### [ASSIGNED TASK]
Which lines below fall between the one containing "- CBD - RAL035" and the one containing "커피류 / 차 / 에이드 / 시그니처 음료류 / 베이커리 등 간식류 |"? Repeat them exactly, counting both of those lines, and add nothing else.

[Items from a data source]
[Start of Attachment]

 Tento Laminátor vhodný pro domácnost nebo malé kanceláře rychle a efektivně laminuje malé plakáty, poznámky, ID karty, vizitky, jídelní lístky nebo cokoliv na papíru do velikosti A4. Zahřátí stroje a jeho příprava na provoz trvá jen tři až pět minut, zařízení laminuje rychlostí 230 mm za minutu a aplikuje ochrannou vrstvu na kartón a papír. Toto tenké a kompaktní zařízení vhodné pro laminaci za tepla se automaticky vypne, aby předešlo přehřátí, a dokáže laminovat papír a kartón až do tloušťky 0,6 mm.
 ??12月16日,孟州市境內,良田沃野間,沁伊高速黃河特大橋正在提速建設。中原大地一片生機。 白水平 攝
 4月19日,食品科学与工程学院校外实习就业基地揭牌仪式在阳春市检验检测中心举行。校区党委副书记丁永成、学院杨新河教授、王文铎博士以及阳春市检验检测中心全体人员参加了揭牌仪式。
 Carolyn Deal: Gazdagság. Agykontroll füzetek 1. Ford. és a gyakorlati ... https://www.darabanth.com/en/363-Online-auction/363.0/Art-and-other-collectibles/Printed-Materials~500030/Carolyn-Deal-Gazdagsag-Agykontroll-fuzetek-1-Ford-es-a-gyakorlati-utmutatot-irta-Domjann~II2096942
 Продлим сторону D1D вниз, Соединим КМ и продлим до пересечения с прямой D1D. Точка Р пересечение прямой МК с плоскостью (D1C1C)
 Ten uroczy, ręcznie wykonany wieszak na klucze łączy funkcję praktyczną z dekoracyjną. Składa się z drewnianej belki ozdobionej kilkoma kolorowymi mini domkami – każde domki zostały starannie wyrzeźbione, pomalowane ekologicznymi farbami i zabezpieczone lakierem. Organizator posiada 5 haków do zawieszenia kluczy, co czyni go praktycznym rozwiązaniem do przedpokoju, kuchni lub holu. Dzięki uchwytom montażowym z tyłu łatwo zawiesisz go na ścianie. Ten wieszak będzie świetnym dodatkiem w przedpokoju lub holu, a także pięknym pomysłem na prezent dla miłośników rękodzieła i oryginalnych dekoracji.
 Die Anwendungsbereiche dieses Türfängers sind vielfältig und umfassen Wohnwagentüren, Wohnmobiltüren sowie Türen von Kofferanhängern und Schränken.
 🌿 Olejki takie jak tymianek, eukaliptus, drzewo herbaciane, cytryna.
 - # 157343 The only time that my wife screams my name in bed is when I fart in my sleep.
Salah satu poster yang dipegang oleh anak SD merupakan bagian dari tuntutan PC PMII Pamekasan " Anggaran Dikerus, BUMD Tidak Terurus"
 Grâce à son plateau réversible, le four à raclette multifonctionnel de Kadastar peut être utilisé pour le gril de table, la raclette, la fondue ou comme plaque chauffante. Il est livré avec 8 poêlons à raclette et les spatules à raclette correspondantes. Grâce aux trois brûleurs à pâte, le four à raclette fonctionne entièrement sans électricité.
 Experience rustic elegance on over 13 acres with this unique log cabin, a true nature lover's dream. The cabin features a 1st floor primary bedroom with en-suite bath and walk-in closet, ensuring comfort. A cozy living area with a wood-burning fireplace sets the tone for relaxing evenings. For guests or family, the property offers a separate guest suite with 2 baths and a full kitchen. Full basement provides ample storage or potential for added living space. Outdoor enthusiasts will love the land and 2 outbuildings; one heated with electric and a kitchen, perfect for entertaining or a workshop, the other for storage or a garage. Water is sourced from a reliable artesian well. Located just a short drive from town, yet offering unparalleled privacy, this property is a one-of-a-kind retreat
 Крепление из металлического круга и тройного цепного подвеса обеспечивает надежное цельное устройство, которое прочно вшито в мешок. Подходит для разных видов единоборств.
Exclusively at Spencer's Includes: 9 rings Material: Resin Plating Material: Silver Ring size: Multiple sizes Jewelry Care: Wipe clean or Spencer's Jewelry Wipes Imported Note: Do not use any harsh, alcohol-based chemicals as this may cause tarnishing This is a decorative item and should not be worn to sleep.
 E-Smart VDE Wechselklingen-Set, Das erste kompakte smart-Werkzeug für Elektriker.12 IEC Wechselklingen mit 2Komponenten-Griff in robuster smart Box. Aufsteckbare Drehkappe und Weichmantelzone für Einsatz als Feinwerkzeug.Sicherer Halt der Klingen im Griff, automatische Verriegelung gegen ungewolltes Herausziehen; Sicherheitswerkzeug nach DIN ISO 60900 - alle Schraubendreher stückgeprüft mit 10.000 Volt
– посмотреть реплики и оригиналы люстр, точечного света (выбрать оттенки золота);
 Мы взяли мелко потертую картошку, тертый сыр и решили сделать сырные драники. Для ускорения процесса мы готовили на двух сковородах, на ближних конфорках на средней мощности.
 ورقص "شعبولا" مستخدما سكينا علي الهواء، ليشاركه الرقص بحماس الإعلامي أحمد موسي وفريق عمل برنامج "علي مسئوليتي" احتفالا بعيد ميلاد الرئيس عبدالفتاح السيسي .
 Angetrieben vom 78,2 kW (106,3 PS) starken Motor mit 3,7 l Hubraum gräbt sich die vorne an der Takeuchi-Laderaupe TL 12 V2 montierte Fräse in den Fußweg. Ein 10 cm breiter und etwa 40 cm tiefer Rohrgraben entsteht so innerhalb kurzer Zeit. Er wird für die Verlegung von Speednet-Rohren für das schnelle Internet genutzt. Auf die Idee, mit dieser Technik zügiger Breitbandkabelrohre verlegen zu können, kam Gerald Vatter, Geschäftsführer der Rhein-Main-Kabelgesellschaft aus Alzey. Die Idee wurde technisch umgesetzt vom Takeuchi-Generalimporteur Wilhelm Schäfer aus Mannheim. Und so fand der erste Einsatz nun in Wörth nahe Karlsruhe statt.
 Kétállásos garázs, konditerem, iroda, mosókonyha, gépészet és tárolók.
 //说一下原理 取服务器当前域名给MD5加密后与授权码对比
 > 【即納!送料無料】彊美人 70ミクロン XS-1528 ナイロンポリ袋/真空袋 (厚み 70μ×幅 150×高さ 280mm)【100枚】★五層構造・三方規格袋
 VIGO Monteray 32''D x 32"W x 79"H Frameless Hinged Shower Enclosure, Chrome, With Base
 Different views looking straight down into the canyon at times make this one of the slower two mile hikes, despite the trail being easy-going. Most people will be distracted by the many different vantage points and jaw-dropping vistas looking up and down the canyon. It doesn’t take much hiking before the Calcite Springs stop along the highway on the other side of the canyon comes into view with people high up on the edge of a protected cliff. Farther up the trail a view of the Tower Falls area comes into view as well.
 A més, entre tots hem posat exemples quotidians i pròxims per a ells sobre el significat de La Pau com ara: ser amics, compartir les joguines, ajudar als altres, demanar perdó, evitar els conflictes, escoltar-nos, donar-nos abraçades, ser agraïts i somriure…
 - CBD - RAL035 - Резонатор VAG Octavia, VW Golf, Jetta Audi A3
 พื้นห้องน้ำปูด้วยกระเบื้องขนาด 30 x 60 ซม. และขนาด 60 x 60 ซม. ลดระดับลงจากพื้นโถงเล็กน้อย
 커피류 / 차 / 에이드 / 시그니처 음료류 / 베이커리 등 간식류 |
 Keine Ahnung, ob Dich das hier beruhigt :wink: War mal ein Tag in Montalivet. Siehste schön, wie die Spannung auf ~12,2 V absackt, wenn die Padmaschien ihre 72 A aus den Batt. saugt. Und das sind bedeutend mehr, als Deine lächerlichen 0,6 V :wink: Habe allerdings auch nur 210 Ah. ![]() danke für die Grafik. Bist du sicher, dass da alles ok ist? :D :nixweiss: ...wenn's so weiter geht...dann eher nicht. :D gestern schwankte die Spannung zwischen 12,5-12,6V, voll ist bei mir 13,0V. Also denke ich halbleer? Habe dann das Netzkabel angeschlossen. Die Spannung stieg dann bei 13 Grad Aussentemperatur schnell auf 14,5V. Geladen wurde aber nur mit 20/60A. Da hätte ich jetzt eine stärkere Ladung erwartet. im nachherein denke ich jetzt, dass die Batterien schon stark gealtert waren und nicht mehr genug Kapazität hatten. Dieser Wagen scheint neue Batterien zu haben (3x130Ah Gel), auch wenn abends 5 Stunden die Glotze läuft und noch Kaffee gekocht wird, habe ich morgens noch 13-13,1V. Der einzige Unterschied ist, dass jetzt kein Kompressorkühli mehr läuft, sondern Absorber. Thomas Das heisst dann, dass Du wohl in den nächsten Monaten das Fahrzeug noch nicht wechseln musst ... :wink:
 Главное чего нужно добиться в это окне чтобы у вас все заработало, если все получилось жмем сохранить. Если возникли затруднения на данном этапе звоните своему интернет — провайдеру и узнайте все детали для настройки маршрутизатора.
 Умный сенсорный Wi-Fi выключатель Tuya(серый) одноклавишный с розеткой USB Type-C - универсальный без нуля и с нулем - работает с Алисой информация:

[End of Attachment]

### [RESULT OF THE EXERCISE]
 - CBD - RAL035 - Резонатор VAG Octavia, VW Golf, Jetta Audi A3
 พื้นห้องน้ำปูด้วยกระเบื้องขนาด 30 x 60 ซม. และขนาด 60 x 60 ซม. ลดระดับลงจากพื้นโถงเล็กน้อย
 커피류 / 차 / 에이드 / 시그니처 음료류 / 베이커리 등 간식류 |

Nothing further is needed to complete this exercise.